The report on the study released yesterday said women predominated in billboards and still images but hardly featured in voice-overs. In stills, blatant stereotypes were at their worst.
Covering 1650 radio, television, print and billboard advertisements in SA, Mauritius, Zambia and Zimbabwe, the study aimed to establish how women and men are represented and portrayed in advertising.
Monitoring took place over two weeks in December followed by male and female focus group discussions on selected case studies that were used in the report to amplify the quantitative findings.
Gender Links executive director Colleen Lowe Morna said: "Unlike news content that must be impartial, considered and fair, advertisers have the licence to play with our minds by accentuating the bizarre; taking us on feel-good trips or lifting us out of our normal space: whatever it takes to capture our attention.
"Precisely because of its power over the mind, advertising is a critical area of concern for transforming gender relations," she said.
A basic test of gender blindness was the extent to which women and men were represented in content compared with their representation in society.
Women constituted only 38% of subjects (images and voices) in advertisements in SA, compared with the overall average of 41% in the study. This is the second lowest proportion in the report.
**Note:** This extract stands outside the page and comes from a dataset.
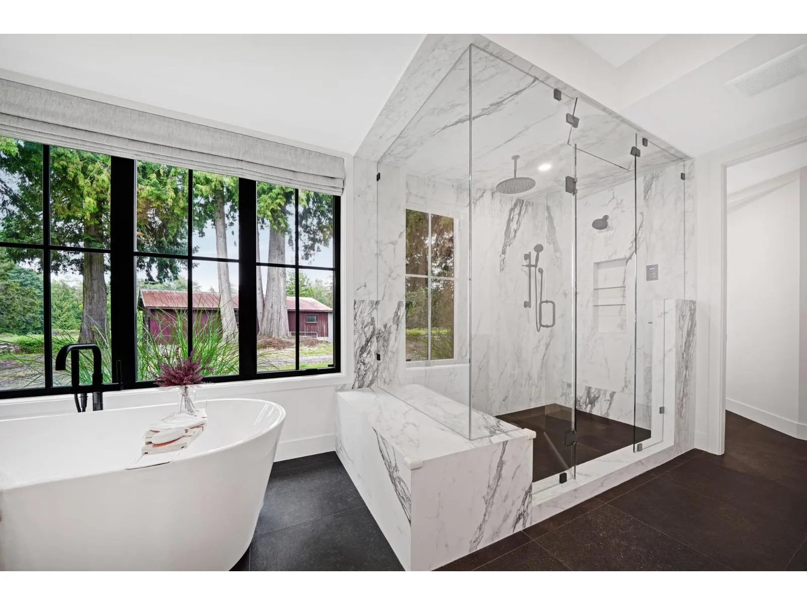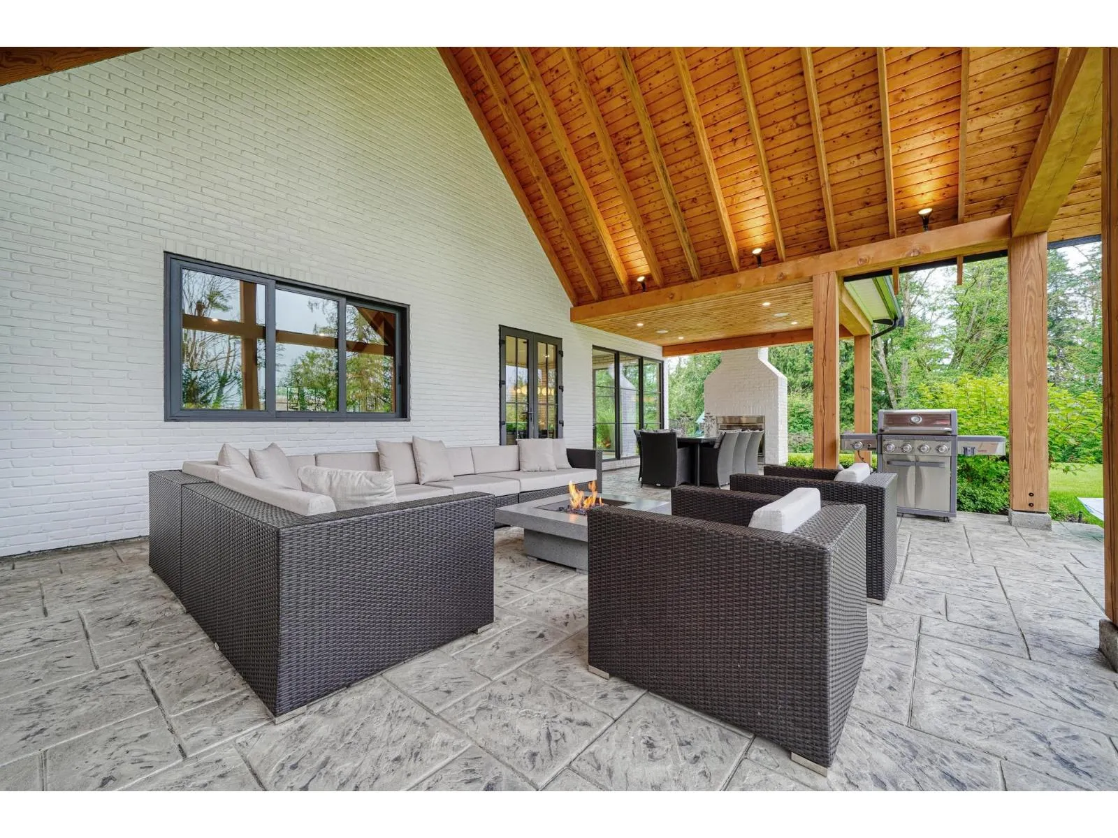Welcome to this gated, custom-built luxury estate in Langley, masterfully designed by Su Casa Designs with interiors by PlaidFox. Privately set back on a long driveway, this home is the perfect blend of elegance, function, and privacy. The gourmet kitchen has vaulted ceilings, a butler's pantry, double dishwashers and fridges, and a wine cooler-ideal for entertaining. Two Primary Bedrooms on the main - features a spa-style ensuite with steam shower, soaker tub, and walk-in closet. Outdoors, relax by the gas or wood fire pit, or explore the lush garden, playground, and fully fenced treed backyard. For multi-generational living, a beautifully appointed suite offers privacy and independence. Two barns, two fenced pastures, and a detached shop complete this rare offering. (id:27476)

Zambia had 47% women in advertisements monitored, Zimbabwe 43% and Mauritius 36%.
Examples of "gender blindness" identified concerned how sports advertising ignored female audiences, for example, a billboard advertised a prominent sports outfitter featuring successful sports people, among them Tiger Woods. Women participants felt the advert disregarded female sports participation.
While SA hosted the Women Golf World Cup in January, they felt excluded from sports by such advertisements. Male participants also felt the advertisement makes golf appear like a man's sport.
With few exceptions, the study found SA' s advertising did little to challenge stereotypes of women's and men's roles. Women predominated as domestic workers, models, parents or spouses, and men as sports persons (100%), professionals, politicians, entertainers and business persons.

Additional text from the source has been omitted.